Si no es ahora, ¿cuándo actuarás?

DR JOHN DEMARTINI   -   Actualizado hace 2 semanas

El Dr. Demartini explica por qué, si usted aún no sabe qué es lo verdaderamente más importante para usted, es más probable que posponga, dude y se frustre en su vida diaria.

AUDIO

Apple Podcasts Spotify
VIDEO
ARTÍCULO

Compartir
TIEMPO DE LECTURA: 10m
DR JOHN DEMARTINI - Actualizado hace 2 semanas

A menudo escucho a personas que se etiquetan a sí mismas como perezosas, indisciplinadas, desorientadas y procrastinadoras habituales. También expresan sentimientos de frustración por su falta de perseverancia y, a pesar de los esfuerzos externos para motivarse, continúan posponiendo tareas y acciones que perciben que deberían, deberían o tienen que hacer.

Lo que muchas personas no se dan cuenta es que hay una RAZÓN subyacente para su continua postergación e incapacidad de poner en práctica lo que dicen, y tiene muy poco que ver con la pereza o la falta de disciplina.

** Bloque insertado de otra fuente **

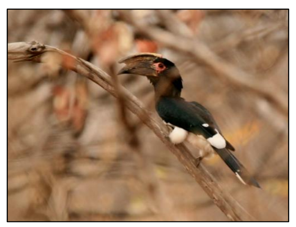
Fig 2 – A Trumpeter Hornbill photographed in Zimbabwe.

Suddenly I heard a loud pealing squawk, and turned to see a puff of feathers floating out from a point just unseen below the Mbomole Hill clifftop. Four Silvery-cheeked Hornbills fanned out from near this point, one squawking loudly, and dipped into nearby trees within about 20 seconds. The Lanner Falcon then appeared, flying away from the cliff in heavy, laboured flight, carrying a large black bundle with drooping wing and lolling head, briefly showing a glimpse of pinkish-cream casque before the bird dipped out of sight again. The cliff is sheer and the clifftop edge unstable, and as it was fast getting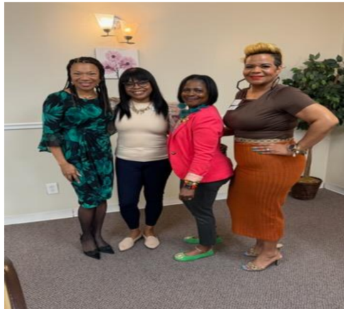
Women's Networking Ambassador's Team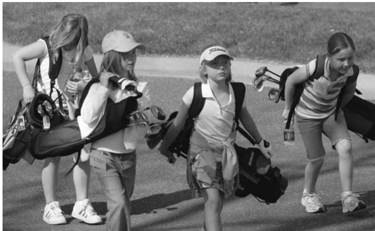
Girls making the move between stations at the clinic

What a rush (no pun intended)! On a beautiful April Saturday morning, an overwhelming turnout of nearly 250 girls attended the first Junior Girls Skills and Rules Clinic at the Academy at Rush Creek Golf Course. During this outstanding free clinic, the girls participated at five stations: putting, short game, driving, rules and etiquette. Clinic instructors included six PGA MN Section professionals, premier women golfers and MWGA rules officials.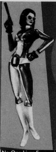
No One Lives Forever's heroine Cate Archer.

First person shooter (FPS) fans may have been feeling neglected of late, as role-playing games (RPGs) like Diablo 2 and Icewind Dale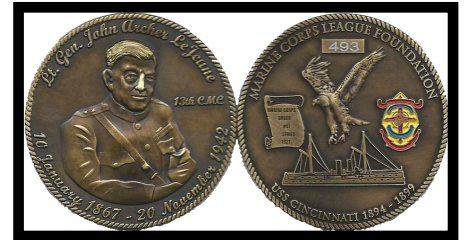
#3 — MajGen John A. Lejeune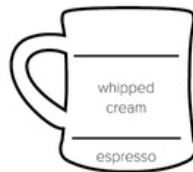
Café Con Panna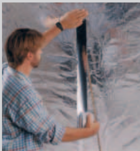
Joint bonding of aluminium-laminated panels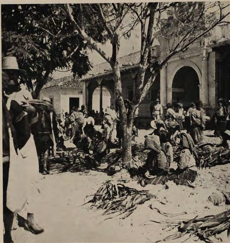
Market scene in Chichicastenango, Guatemala.

quently is merely a means of protecting "trade secrets," just as any drug company does with a patented remedy. The prestige of a medicine man depends upon his ability to dispel the "evil spirits" or illnesses of his tribe by means of secret concoctions. Often his income derives from his private prescriptions or formulas.

Demos un paso atrás para poder brindar algo de contexto y hablar sobre los derechos humanos. valores, porque son la base y el motor principal del comportamiento humano.

Cada ser humano, independientemente de su origen, género, cultura, color de piel o edad, vive momento a momento según un conjunto de prioridades o valores, áreas de la vida que percibe como más o menos importantes para él. Esta “jerarquía de valores” es completamente única y específica de cada individuo.

  1. Cuanto más importante sea un valor (cuanto más alto se ubique en su jerarquía de valores), más espontáneo, disciplinado y ordenado será usted en relación con él. 
     
  2. Cuanto menos importante sea un valor, cuanto más abajo se ubicará en tu jerarquía de valores y menos disciplinado y ordenado serás en relación con él. 

Tu jerarquía de valores evoluciona y cambia continuamente, pero en todo momento tienes un conjunto de valores más elevados según los cuales vives tu vida. 

La jerarquía de tus valores dicta tus percepciones, decisiones y acciones, tu comportamiento y, en última instancia, tu destino. Lo que ocupa el primer puesto en tu lista de valores intrínsecos dicta tu destino, revela las áreas en las que eres más confiable, centrado y disciplinado; son las áreas de tu vida en las que actuarás y alcanzarás tus objetivos. 

Cuanto más alto se llega en la escala jerárquica de valores, más se tiende a identificar con esos valores y más probabilidades hay de que uno se sienta inspirado espontánea e intrínsecamente desde dentro para actuar en consecuencia. 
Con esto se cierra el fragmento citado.